Top of Data for analysis

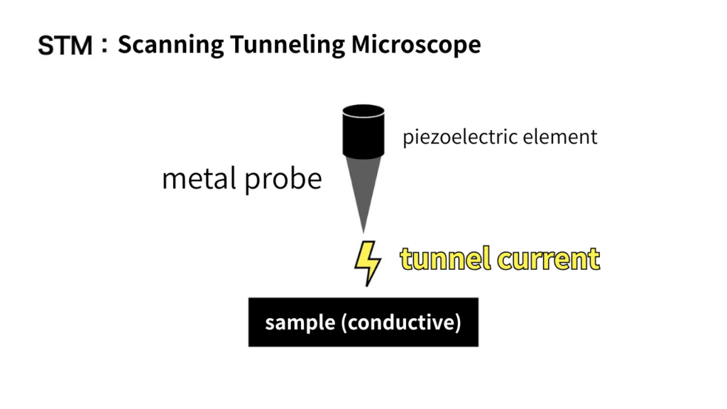 ・STM is a microscope that uses tunneling currents generated between a metal probe and a conductive material to measure the unevenness of a sample surface
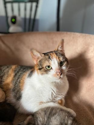 Australe recherche elle aussi sa famille. C'est une minette très calme, très douce, craintive quand elle ne connait pas, les gestes brusques lui font encore peur. Elle est gourmande de pâtée et de friandises. Elle s'entend bien avec les autres chats (chien pas encore testé). Pas joueuse, elle préfère faire de gros dodos sur le lit ! Elle apprécie les caresses mais n'aime pas être portée pour l'instant, elle est hyper sage en voiture !
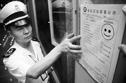 成都市青羊区昨在琴台路启动餐饮单位卫生监督情况公示制度,用“笑脸”“平脸”“苦脸”表示卫生状况
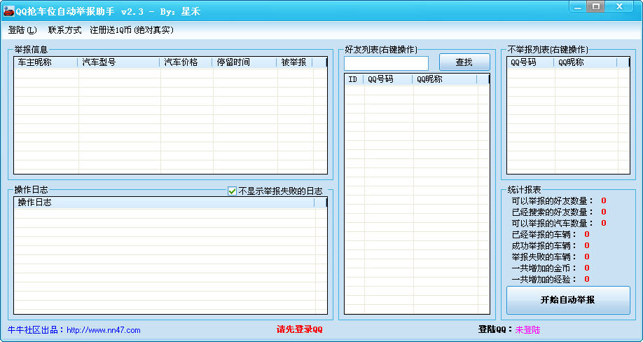 本软件是QQ抢车位的一个自动举报工具软件,采用多线程的举报方式,让QQ抢车位举报更快捷更方便。本软件并不是抢车位刷钱外挂,也不是抢车位刷经验外挂,只是在举报同时能增加抢车位的收入与经验,目的只是为了节省在抢车位上的举报时间。本软件操作简单,只需登陆一下,然后点一下"开始自动举报"即可完成抢车位的自动举报功能,多线程全自动一键举报车辆,数秒内可举报几百辆汽车。市面上最快的抢车位自动举报工具,整个举报过程在一分钟内可以完成,大大节省了操作时间.
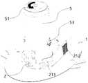 When the transcutaneous installation process of the sensing part 41 of the sensor probe 40 is finished, one needs to fix the sensor body 4 on the support mount 2 and remove the inserter 5 referring to FIG. 7. Rotate the inserter 5 according to the arrow mark 51 on the top of the shell of the inserter 5 to interlock the ring with hooks 43 on the sensor body 4 with the blocks 22 from the first installation structure until the inserter 5 reaches to a designated position and cannot be rotated anymore, during which process one may hear a snap sound from the ring with hooks 43 snap‐fitting the blocks 22. Then press the ribbed parts 212 of the release tabs 21 from the second installation structure to open the clamp parts 211 of the release tabs 21 and pull the inserter 5 along the longitudinal direction from the second installation structure of the support mount 2 to remove the inserter 5.

Bottom of Data for analysis

### What is needed:
An exact copy of every record above is required, with all pictures omitted.

### Written reply:
 ・STM is a microscope that uses tunneling currents generated between a metal probe and a conductive material to measure the unevenness of a sample surface
 Australe recherche elle aussi sa famille. C'est une minette très calme, très douce, craintive quand elle ne connait pas, les gestes brusques lui font encore peur. Elle est gourmande de pâtée et de friandises. Elle s'entend bien avec les autres chats (chien pas encore testé). Pas joueuse, elle préfère faire de gros dodos sur le lit ! Elle apprécie les caresses mais n'aime pas être portée pour l'instant, elle est hyper sage en voiture !
 成都市青羊区昨在琴台路启动餐饮单位卫生监督情况公示制度,用“笑脸”“平脸”“苦脸”表示卫生状况
 本软件是QQ抢车位的一个自动举报工具软件,采用多线程的举报方式,让QQ抢车位举报更快捷更方便。本软件并不是抢车位刷钱外挂,也不是抢车位刷经验外挂,只是在举报同时能增加抢车位的收入与经验,目的只是为了节省在抢车位上的举报时间。本软件操作简单,只需登陆一下,然后点一下"开始自动举报"即可完成抢车位的自动举报功能,多线程全自动一键举报车辆,数秒内可举报几百辆汽车。市面上最快的抢车位自动举报工具,整个举报过程在一分钟内可以完成,大大节省了操作时间.
 When the transcutaneous installation process of the sensing part 41 of the sensor probe 40 is finished, one needs to fix the sensor body 4 on the support mount 2 and remove the inserter 5 referring to FIG. 7. Rotate the inserter 5 according to the arrow mark 51 on the top of the shell of the inserter 5 to interlock the ring with hooks 43 on the sensor body 4 with the blocks 22 from the first installation structure until the inserter 5 reaches to a designated position and cannot be rotated anymore, during which process one may hear a snap sound from the ring with hooks 43 snap‐fitting the blocks 22. Then press the ribbed parts 212 of the release tabs 21 from the second installation structure to open the clamp parts 211 of the release tabs 21 and pull the inserter 5 along the longitudinal direction from the second installation structure of the support mount 2 to remove the inserter 5.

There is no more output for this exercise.